2. Impossible triangle — Penrose geometry that can't exist
The Penrose triangle (or "tribar") was first published by mathematician Roger Penrose in 1958, though Swedish artist Oscar Reutersvärd created one in 1934. Each corner looks perfectly normal — the impossibility only emerges when you try to follow the whole shape. M.C. Escher used this principle extensively in works like Waterfall and Ascending and Descending.

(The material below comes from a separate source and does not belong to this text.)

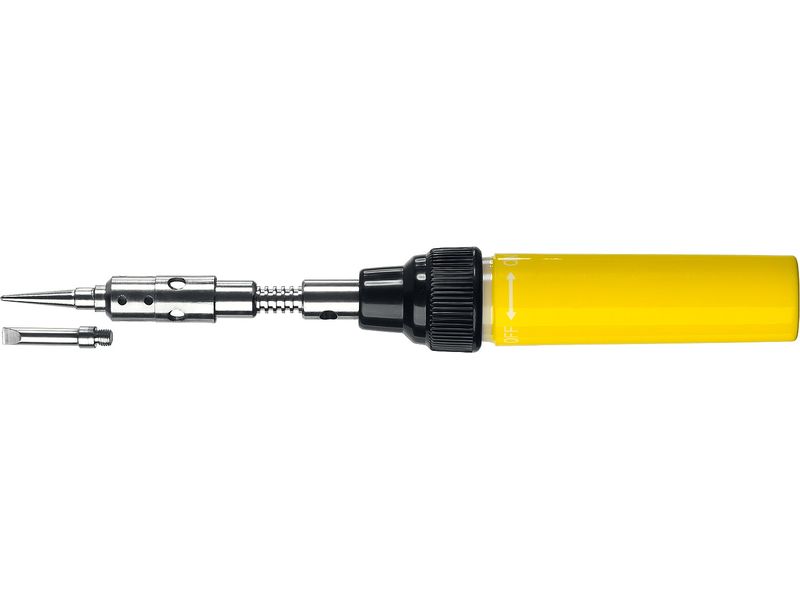 Паяльник газовый поставляется с 2-я сменными насадками. Он обладает возможностью выбора температурного режима, что позволяет максимально соответствовать требованиям любой работы. Идеально подходит для пайки, выжигания, лужения, прогрева и многих других работ. •Легкий подбор температурного режима, •Быстрый нагрев и перезарядка, •Мгновеное включение, •Многофункциональностьность: один инструмент. множество возможностей. •Работает на жидком газе бутане: Газовая микрогорелка может использоваться при работах с ювелирными изделиями, и особо мелкими деталями. Прочный алюминиевый корпус.
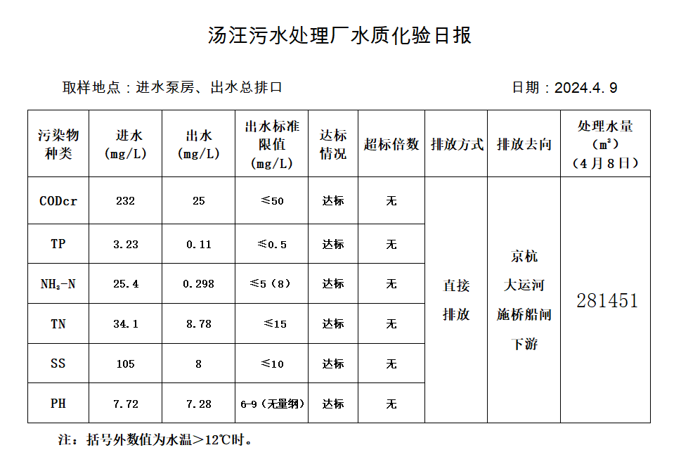 汤汪污水处理厂水质化验日报(2024.4.9)

const canvas = document.createElement('canvas');
canvas.width = 500; canvas.height = 500;
document.body.appendChild(canvas);
const ctx = canvas.getContext('2d');
const cx = 250, cy = 250;
const outer = 180, inner = 80;
const a3 = Math.PI * 2 / 3;
// Three colors for the three faces
const colors = ['#4488ff', '#44cc88', '#ff6644'];
const darks = ['#2266cc', '#229966', '#cc4422'];
function drawPenroseTriangle(t) {
ctx.clearRect(0, 0, 500, 500);
ctx.fillStyle = '#111';
ctx.fillRect(0, 0, 500, 500);
ctx.save();
ctx.translate(cx, cy);
ctx.rotate(t * 0.2);
// Calculate the six vertices (outer and inner triangle)

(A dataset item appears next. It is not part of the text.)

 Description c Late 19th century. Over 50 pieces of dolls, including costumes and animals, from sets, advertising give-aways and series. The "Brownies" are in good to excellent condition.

const outerPts = [], innerPts = [];
for (let i = 0; i < 3; i++) {
const angle = -Math.PI / 2 + i * a3;
outerPts.push({ x: Math.cos(angle) * outer, y: Math.sin(angle) * outer });
innerPts.push({ x: Math.cos(angle) * inner, y: Math.sin(angle) * inner });
}
// Draw each bar of the triangle — the trick is occlusion order
for (let i = 0; i < 3; i++) {
const next = (i + 1) % 3;
const prev = (i + 2) % 3;
// Outer face
ctx.beginPath();
ctx.moveTo(outerPts[i].x, outerPts[i].y);
ctx.lineTo(outerPts[next].x, outerPts[next].y);
ctx.lineTo(innerPts[next].x, innerPts[next].y);
ctx.lineTo(innerPts[i].x, innerPts[i].y);
ctx.closePath();
ctx.fillStyle = colors[i];
ctx.fill();
ctx.strokeStyle = '#111';
ctx.lineWidth = 2;
ctx.stroke();
// Inner bevel face
ctx.beginPath();
ctx.moveTo(innerPts[i].x, innerPts[i].y);
ctx.lineTo(innerPts[next].x, innerPts[next].y);
const midX = (innerPts[i].x + innerPts[next].x) / 2 * 0.6;
const midY = (innerPts[i].y + innerPts[next].y) / 2 * 0.6;
ctx.lineTo(midX, midY);
ctx.closePath();
ctx.fillStyle = darks[i];
ctx.fill();
ctx.stroke();
}
// Redraw first corner's overlap to create the impossible connection
const i = 0, next = 1;
ctx.beginPath();
ctx.moveTo(outerPts[i].x, outerPts[i].y);
const dx = outerPts[next].x - outerPts[i].x;
const dy = outerPts[next].y - outerPts[i].y;
ctx.lineTo(outerPts[i].x + dx * 0.25, outerPts[i].y + dy * 0.25);
ctx.lineTo(innerPts[i].x + dx * 0.25, innerPts[i].y + dy * 0.25);
ctx.lineTo(innerPts[i].x, innerPts[i].y);
ctx.closePath();
ctx.fillStyle = colors[0];
ctx.fill();
ctx.strokeStyle = '#111';
ctx.lineWidth = 2;
ctx.stroke();
ctx.restore();
}
let time = 0;
function animate() {
drawPenroseTriangle(time);
time += 0.005;
requestAnimationFrame(animate);
}
animate();The impossible triangle works because our visual system processes local geometry independently before integrating globally. Each corner's T-junction and depth cues are locally consistent — it's only the global topology that's impossible. This is why the illusion persists even when you know it's impossible: local processing happens pre-attentively, before conscious analysis.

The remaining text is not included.